Your job is to return the whole listing unchanged while skipping its images.

..........

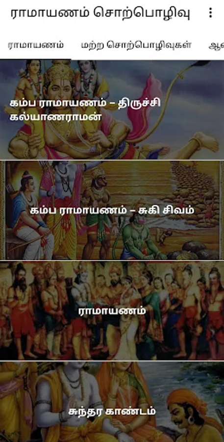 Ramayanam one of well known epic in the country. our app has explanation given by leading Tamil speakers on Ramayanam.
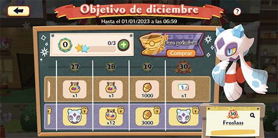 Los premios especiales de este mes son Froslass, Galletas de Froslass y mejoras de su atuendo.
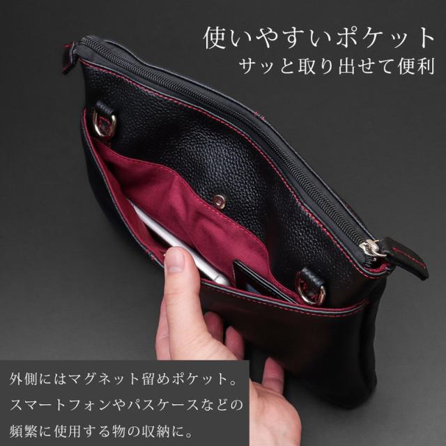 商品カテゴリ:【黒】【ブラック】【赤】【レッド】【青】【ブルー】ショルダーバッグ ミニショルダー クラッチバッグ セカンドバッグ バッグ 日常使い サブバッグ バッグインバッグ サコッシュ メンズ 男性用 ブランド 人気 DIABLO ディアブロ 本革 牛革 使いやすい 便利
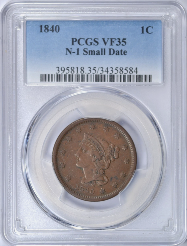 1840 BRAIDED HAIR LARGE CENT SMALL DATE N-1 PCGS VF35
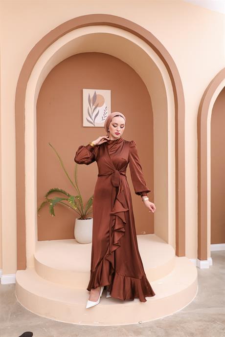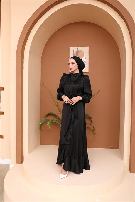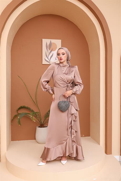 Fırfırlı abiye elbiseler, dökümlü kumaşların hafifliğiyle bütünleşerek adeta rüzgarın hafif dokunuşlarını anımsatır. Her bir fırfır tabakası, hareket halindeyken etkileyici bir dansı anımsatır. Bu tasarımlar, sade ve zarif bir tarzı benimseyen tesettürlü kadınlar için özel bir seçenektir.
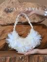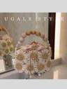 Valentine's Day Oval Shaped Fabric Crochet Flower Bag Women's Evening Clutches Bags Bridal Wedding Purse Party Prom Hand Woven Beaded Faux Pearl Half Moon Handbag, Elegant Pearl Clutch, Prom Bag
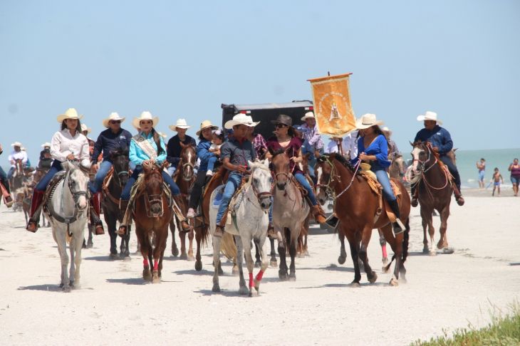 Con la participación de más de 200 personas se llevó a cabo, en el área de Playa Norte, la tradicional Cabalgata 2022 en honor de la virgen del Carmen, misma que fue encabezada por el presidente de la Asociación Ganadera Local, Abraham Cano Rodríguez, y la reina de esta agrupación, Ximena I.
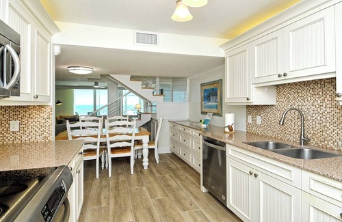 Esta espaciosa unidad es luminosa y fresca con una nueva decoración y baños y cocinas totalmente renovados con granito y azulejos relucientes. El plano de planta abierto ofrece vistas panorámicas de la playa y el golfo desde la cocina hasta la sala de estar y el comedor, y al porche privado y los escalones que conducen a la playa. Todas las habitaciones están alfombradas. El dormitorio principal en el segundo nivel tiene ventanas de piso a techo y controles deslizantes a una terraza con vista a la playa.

..........

* Output of the task *
 Ramayanam one of well known epic in the country. our app has explanation given by leading Tamil speakers on Ramayanam.
 Los premios especiales de este mes son Froslass, Galletas de Froslass y mejoras de su atuendo.
 商品カテゴリ:【黒】【ブラック】【赤】【レッド】【青】【ブルー】ショルダーバッグ ミニショルダー クラッチバッグ セカンドバッグ バッグ 日常使い サブバッグ バッグインバッグ サコッシュ メンズ 男性用 ブランド 人気 DIABLO ディアブロ 本革 牛革 使いやすい 便利
 1840 BRAIDED HAIR LARGE CENT SMALL DATE N-1 PCGS VF35
 Fırfırlı abiye elbiseler, dökümlü kumaşların hafifliğiyle bütünleşerek adeta rüzgarın hafif dokunuşlarını anımsatır. Her bir fırfır tabakası, hareket halindeyken etkileyici bir dansı anımsatır. Bu tasarımlar, sade ve zarif bir tarzı benimseyen tesettürlü kadınlar için özel bir seçenektir.
 Valentine's Day Oval Shaped Fabric Crochet Flower Bag Women's Evening Clutches Bags Bridal Wedding Purse Party Prom Hand Woven Beaded Faux Pearl Half Moon Handbag, Elegant Pearl Clutch, Prom Bag
 Con la participación de más de 200 personas se llevó a cabo, en el área de Playa Norte, la tradicional Cabalgata 2022 en honor de la virgen del Carmen, misma que fue encabezada por el presidente de la Asociación Ganadera Local, Abraham Cano Rodríguez, y la reina de esta agrupación, Ximena I.
 Esta espaciosa unidad es luminosa y fresca con una nueva decoración y baños y cocinas totalmente renovados con granito y azulejos relucientes. El plano de planta abierto ofrece vistas panorámicas de la playa y el golfo desde la cocina hasta la sala de estar y el comedor, y al porche privado y los escalones que conducen a la playa. Todas las habitaciones están alfombradas. El dormitorio principal en el segundo nivel tiene ventanas de piso a techo y controles deslizantes a una terraza con vista a la playa.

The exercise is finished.